Exercise brief - Reproduce every record below exactly, with the pictures left out.

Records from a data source
● ● ● ● ●
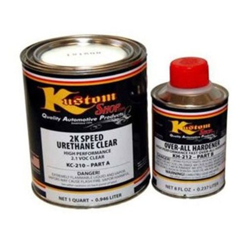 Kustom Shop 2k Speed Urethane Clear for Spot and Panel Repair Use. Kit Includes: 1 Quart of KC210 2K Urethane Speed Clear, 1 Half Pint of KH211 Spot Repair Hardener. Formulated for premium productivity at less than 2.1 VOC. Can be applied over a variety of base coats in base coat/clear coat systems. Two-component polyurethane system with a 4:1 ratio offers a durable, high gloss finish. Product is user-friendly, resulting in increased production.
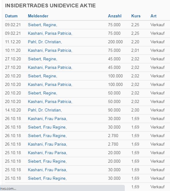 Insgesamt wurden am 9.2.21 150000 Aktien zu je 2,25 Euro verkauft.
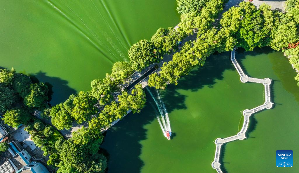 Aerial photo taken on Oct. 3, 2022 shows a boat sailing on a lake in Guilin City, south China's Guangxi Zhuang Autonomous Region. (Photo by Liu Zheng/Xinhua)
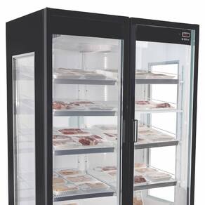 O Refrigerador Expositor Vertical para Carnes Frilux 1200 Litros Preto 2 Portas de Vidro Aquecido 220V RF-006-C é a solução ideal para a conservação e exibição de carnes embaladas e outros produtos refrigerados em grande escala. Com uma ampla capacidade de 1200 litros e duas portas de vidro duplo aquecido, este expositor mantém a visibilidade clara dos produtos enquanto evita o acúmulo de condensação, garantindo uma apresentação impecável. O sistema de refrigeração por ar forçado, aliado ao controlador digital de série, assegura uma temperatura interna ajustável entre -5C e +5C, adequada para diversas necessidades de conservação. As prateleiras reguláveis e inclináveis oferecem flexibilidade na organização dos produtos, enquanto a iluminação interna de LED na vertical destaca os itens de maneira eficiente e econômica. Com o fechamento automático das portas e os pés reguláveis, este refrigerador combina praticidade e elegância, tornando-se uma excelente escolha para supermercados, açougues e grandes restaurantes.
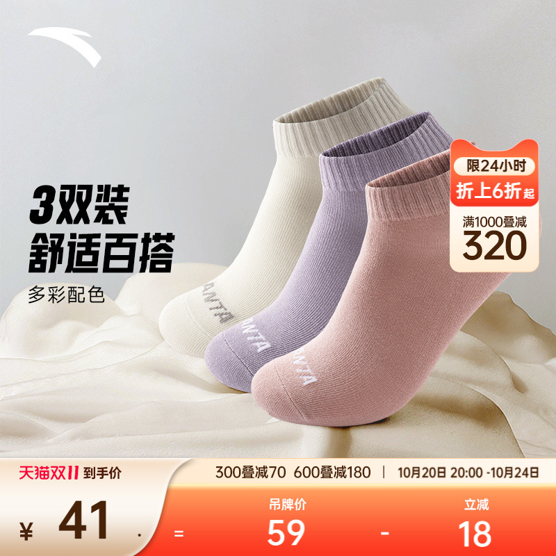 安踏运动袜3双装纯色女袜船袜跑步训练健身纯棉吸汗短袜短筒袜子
● ● ● ● ●
Finished task -
 Kustom Shop 2k Speed Urethane Clear for Spot and Panel Repair Use. Kit Includes: 1 Quart of KC210 2K Urethane Speed Clear, 1 Half Pint of KH211 Spot Repair Hardener. Formulated for premium productivity at less than 2.1 VOC. Can be applied over a variety of base coats in base coat/clear coat systems. Two-component polyurethane system with a 4:1 ratio offers a durable, high gloss finish. Product is user-friendly, resulting in increased production.
 Insgesamt wurden am 9.2.21 150000 Aktien zu je 2,25 Euro verkauft.
 Aerial photo taken on Oct. 3, 2022 shows a boat sailing on a lake in Guilin City, south China's Guangxi Zhuang Autonomous Region. (Photo by Liu Zheng/Xinhua)
 O Refrigerador Expositor Vertical para Carnes Frilux 1200 Litros Preto 2 Portas de Vidro Aquecido 220V RF-006-C é a solução ideal para a conservação e exibição de carnes embaladas e outros produtos refrigerados em grande escala. Com uma ampla capacidade de 1200 litros e duas portas de vidro duplo aquecido, este expositor mantém a visibilidade clara dos produtos enquanto evita o acúmulo de condensação, garantindo uma apresentação impecável. O sistema de refrigeração por ar forçado, aliado ao controlador digital de série, assegura uma temperatura interna ajustável entre -5C e +5C, adequada para diversas necessidades de conservação. As prateleiras reguláveis e inclináveis oferecem flexibilidade na organização dos produtos, enquanto a iluminação interna de LED na vertical destaca os itens de maneira eficiente e econômica. Com o fechamento automático das portas e os pés reguláveis, este refrigerador combina praticidade e elegância, tornando-se uma excelente escolha para supermercados, açougues e grandes restaurantes.
 安踏运动袜3双装纯色女袜船袜跑步训练健身纯棉吸汗短袜短筒袜子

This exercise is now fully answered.